As Rebecca Bowe reports in this week’s issue, there’s some disagreement about the contract proposed by the San Francisco Public Utilities Commission. The deal with Shell Energy North America would have the energy giant buy green power wherever it can, deliver it to San Francisco customers along PG&E’s lines — and charge enough to pay for the power and overhead expenses. That, initial reports say, could raise the bill of an average customer somewhere between $7 and $50 a month, depending on use. For most residential customers, the increase is going to be on the low end.
The problem is that the PUC estimates from the start that two-thirds of the potential customers will drop out of the program and stick with PG&E. That’s an abysmal projection, reflecting in part the PUC’s long reluctance to take the program seriously, in part a failure to plan an aggressive marketing campaign — and in part the lack of a long-term vision for the program.
The bottom line is simple: As long as the city is buying energy from somebody else, there are going to be problems. Right now, renewable energy demand exceeds supply, so prices are high. That’s going to fluctuate over the next decade.
But it’s entirely possible for the city to build its own renewable infrastructure and generate power that will beat PG&E’s prices in the short-term future — and will be far, far less expensive a decade down the road. Clean Power SF will never work to its full potential unless the city owns a significant part of the generation system. (Ultimately, the city will never see the full economic benefits of public power until it buys out PG&E or builds its own delivery system.)

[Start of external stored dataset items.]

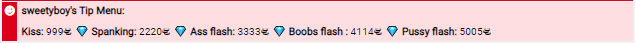When the Tip Menu starts, a message for the model and for all the viewers appears in the chat. When a user joins a cam with an active Tip Menu, a message with the menu shows up in the chat. The message repeats every 5 minutes to all users in the room: models and viewers.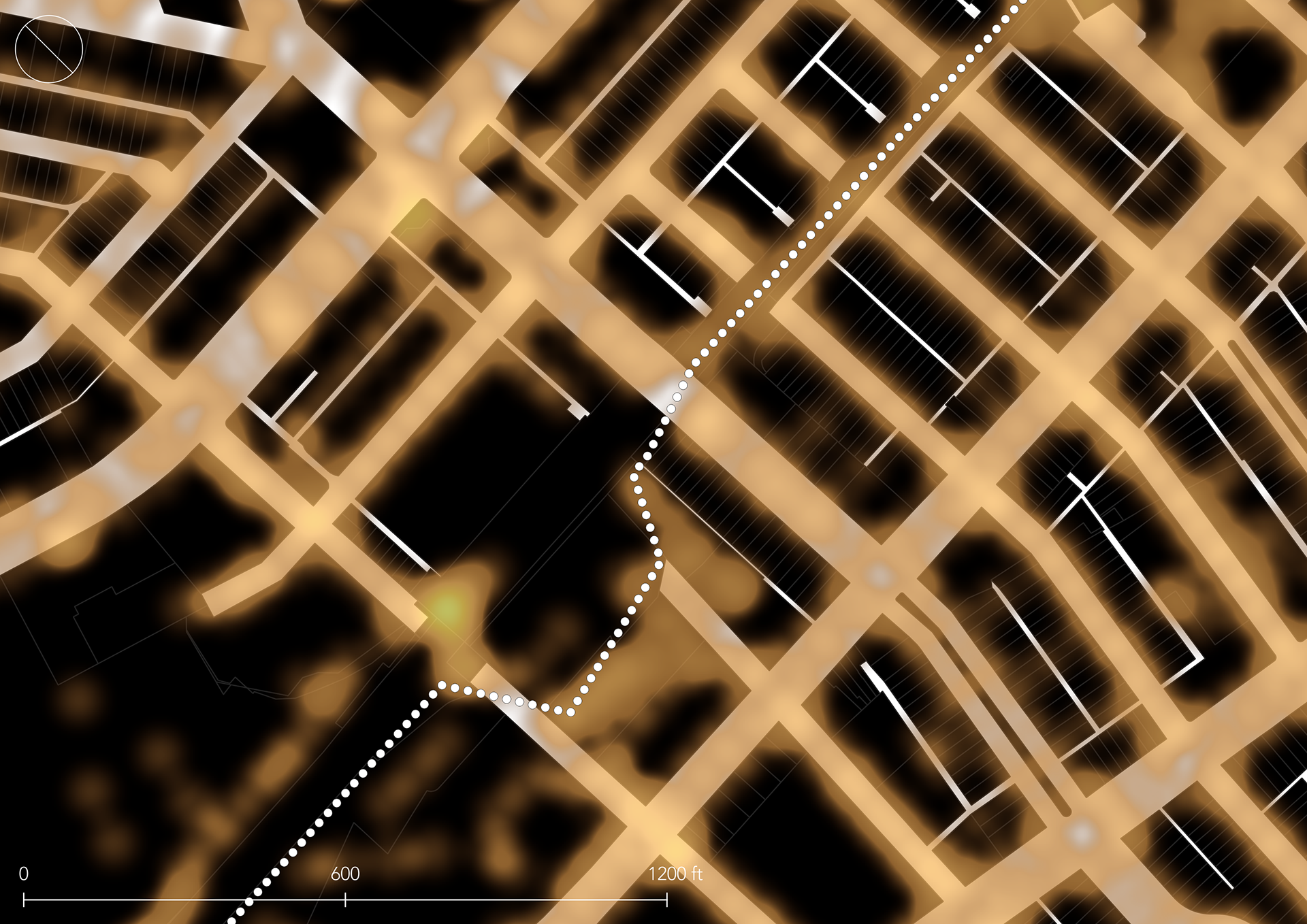 Here's a map I made of every streetlight in the area, showing the best- and worst-lit spots.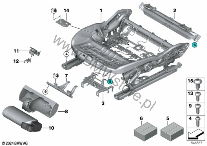 Elektryczna regulacja foteli z pamięcią (0459) = TAK Zestaw drobnych cz.do wspornika sterow. 52 10 9 891 640 |
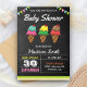 Amaze your guests with this colourful baby shower invite featuring cute ice cream cones with modern typography against a chalkboard background. Simply add your event details on this easy-to-use template to make it a one-of-a-kind invitation. Flip the card over to reveal a colourful stripes pattern on the back of the card.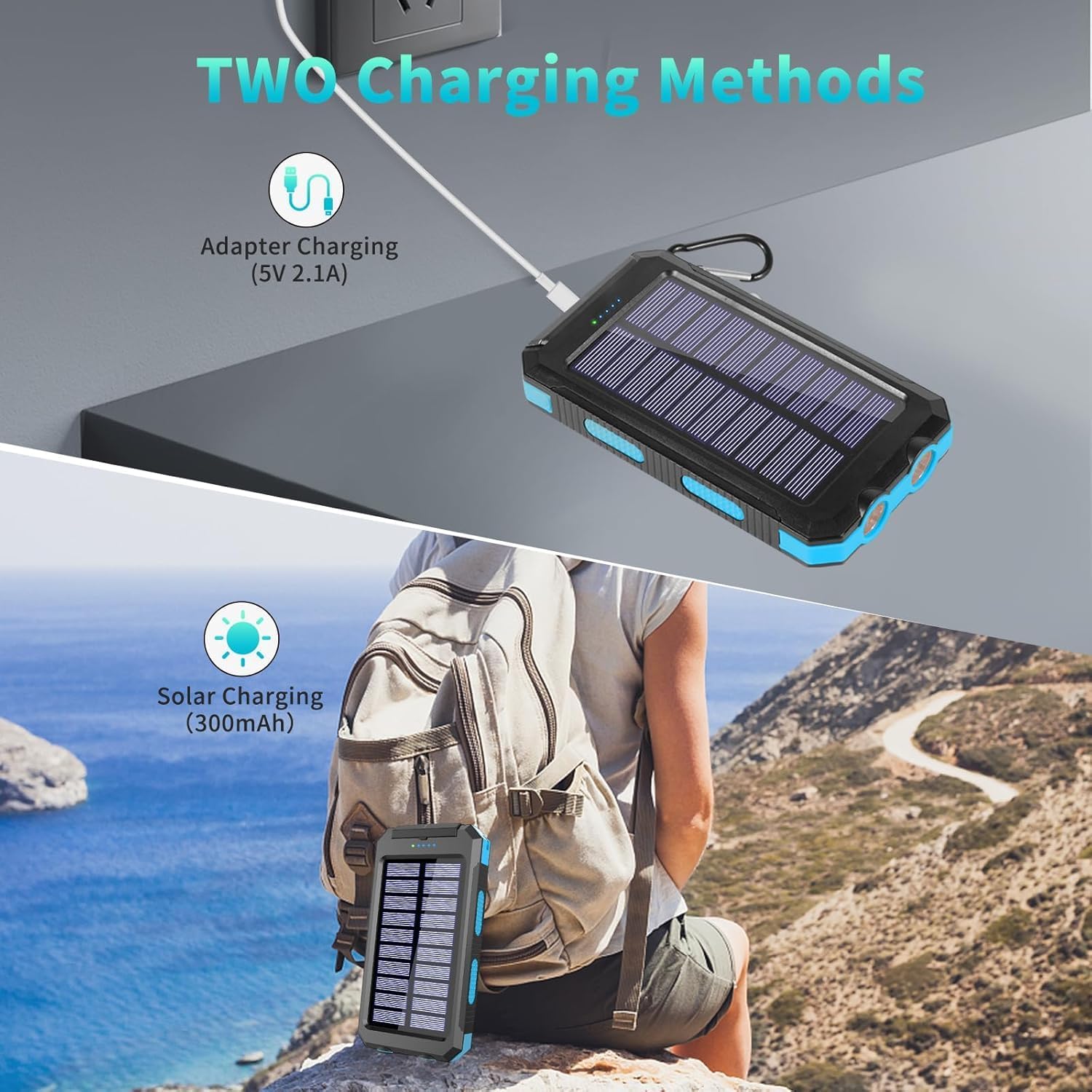 【Dual Recharge Methods】Solar Charger Power Bank via Solar Panel( 5V/300mA ) or 5V/2.4A (Type-C). Solar charging is a charging way for emergency use, and solar panel charging efficiency will be influenced by natural conditions and random factors, such as day and night, geographical latitude and height above sea level, sunny and rainy, and so on. so we are more recommended to charge it via USB cable and only use the solar charging feature in an emergency.

The PUC included — at the demand of public-power advocates — a clause in the contract stating that a city build-out was part of the plan. The proposal before the board only includes the contract with Shell — but the final deal should include specific plans for how much local power will be generated, how it will be funded — and how it will ultimately replace the power Shell is providing. The city should start right now looking for sites (there’s lots of surplus city land) and seeking bids for construction, and if the PUC can’t come up with enough revenue-bonding money, the board should put a comprehensive clean energy bond on the November ballot.
The Local Clean Energy Alliance estimates that building 210 megawatts of clean power in San Francisco would generate nearly 1,000 direct jobs and as many as 4,300 indirect jobs. That sort of program would be a boost to the economy and guarantee the city stable energy sources for the future. And it would allow the PUC to market Clean Power SF not as a plan that will cost consumers more today — but as a plan that the city can all-but guarantee will save you money, substantial amounts of money, over the next 10 years.